На одном из раскатов, гладком участке дороги с уклоном, сани, в которых ехала старшая сестра Мария с шестимесячной дочкой Лидой, раскатились и ударились о твердый край сугроба, сани опрокинулись, от инерции все содержимое саней и Мария с Лидой вылетели из саней, мешком муки их придавило. Когда выбрались из сугроба, ребенок не подавал признаков жизни. Невдалеке виднелись черные избы деревни. В первой избе ребенка начали откачивать, дули ей в ротик, терли тело, шлепали по поп-

 

- 24 -

ке, и ребенок запищал, но осталась она на всю жизнь инвалидом, что-то повредили в голове, шло замедленное развитие, плохо говорила.

Скрип полозьев сотен подвод, стоны женщин, плач детей, крики конвоиров, лай собак, провожающий обоз до следующей деревни, сливались в сплошной гул, был слышен на несколько километров. Из ноздрей коней, тащивших тяжелые сани, выдыхаемый воздух, конденсируясь, намерзал на губах и ноздрях коней, образуя ледяные наросты, снег таял на горячих боках лошадей, выдыхаемый воздух коней и людей, поднимался вверх белыми струйками, образуя над обозом синий туман.

В пути происходили всевозможные трагедии и невзгоды: где-то ребенка придавили, где-то умер старик - высылали и девяностолетних - где-то умерла старуха, кто-то сломал ногу, у кого-то рассыпалась мука, у кого-то замерзла картошка, взятая в дорогу и многое другое.

На десятые сутки нелегкого, со всякими трагедиями и происшествиями, пути показались на возвышении, на горе, словно паря в воздухе, золоченые купола церквей Тобольского кремля.

... Зимой, в конце февраля 1930 года из-за реки по дороге со стороны деревни Бизино показался большой конный обоз. Когда первые подводы переползли замерзший Иртыш и поднялись на невысокий правый берег, то последние только-только выезжали из села Карачино. Черная лента обоза потекла по улицам города к горе, в сторону кремля. Уставшие кони с трудом тащили тяжелые подводы, на которых находились женщины, покрытые толстыми суконными шалями, прижимая к себе грудных младенцев, тут же озябшими воробьями жались трех-пятилетние ребятишки, погрузившиеся в глубокую задумчивость старики и старухи молчали, лошадьми правили бородатые мужчины. На Никольском взвозе кони скользили на укутанной железными полозьями саней до металлического блеска дороге, идущей круто в гору. Мужики подхватили с обеих сторон за оглобли сани и помогали уставшим животным взобраться в гору. Подводы, поднявшись, круто заворачивали влево и въезжали через Северные ворота во двор кремля. Площадь кремля постепенно заполнялась.

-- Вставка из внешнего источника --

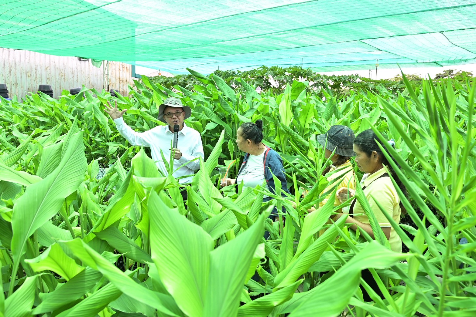 ณ วิสาหกิจชุมชนกลุ่มปลูกพืชสมุนไพรด่านทับตะโก อำเภอจอมบึง จังหวัดราชบุรี

Работники ОГПУ принимали под расписку от сопровождавших (вернее - охранявших) семьи прибывших и расставляли подводы сначала плотными рядами, затем уже и в проходы забили. И наконец так забили площадь, что пройти было почти невозможно, прибывших позднее ставили за оградой у северной стороны каменных стен.

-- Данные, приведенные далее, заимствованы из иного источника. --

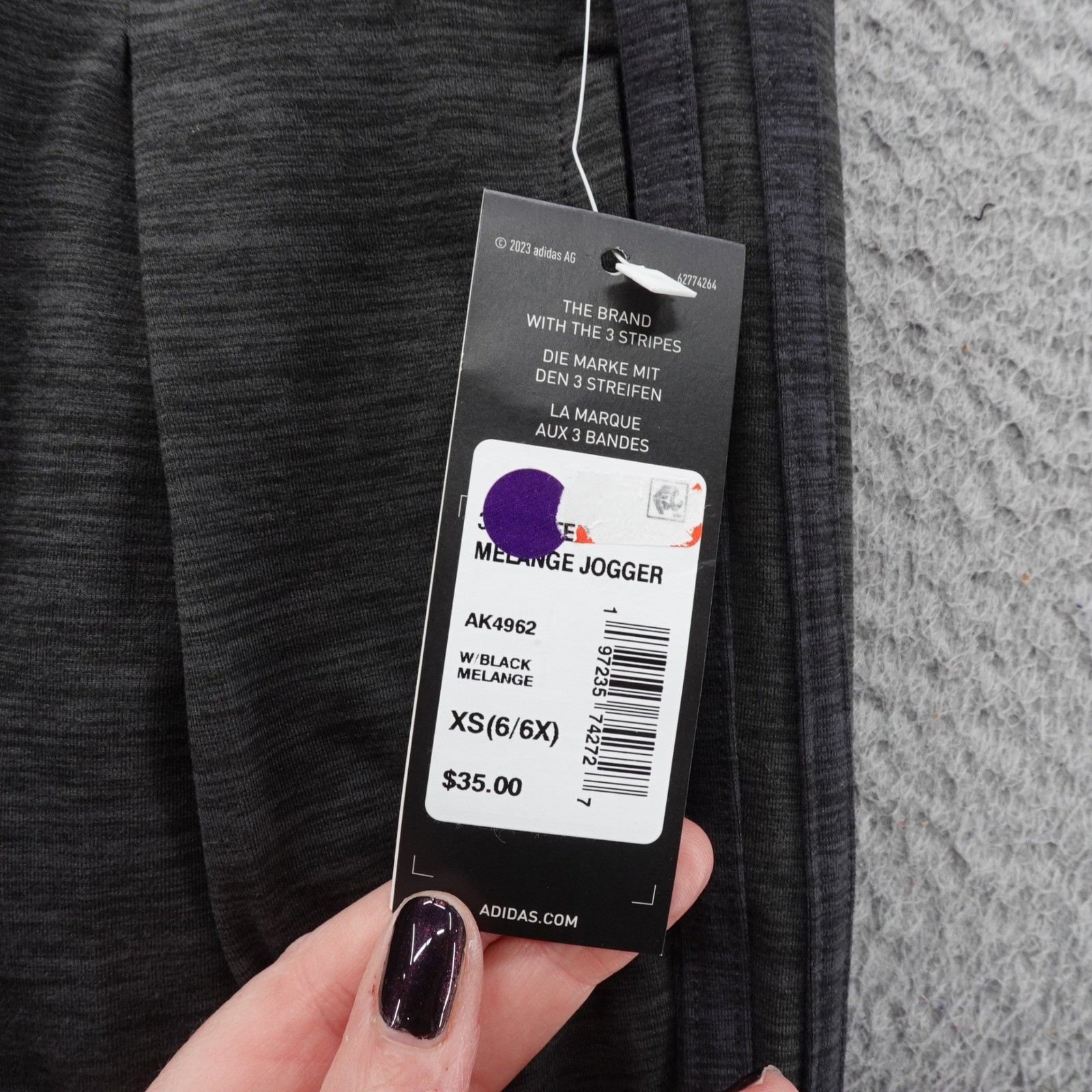 как выглядит Adidas Girls Melange Joggers Black Heathered Tapered Pants XS 6/6X NEW фото

Уставшие и замерзшие люди бросились к зданиям, стоявшим в кремле, надеясь согреться и отдохнуть от долгой дороги из южных районов Тюменщины, нужно было согреть и накормить плачущих ребятишек. Ввалившись в пустые коридоры, переселенцы увидели: на полу лежали сугробы снега, окна разбиты, по пустым помещениям гулял ветер. Русские люди, привыкшие к разным поворотам судьбы, не опустили руки: откуда-то взялись лопаты, снег выгребли, в дыры разбитых окон вставили подушки, нашли где-то дрова, затопили печи, постепенно помещение нагрелось.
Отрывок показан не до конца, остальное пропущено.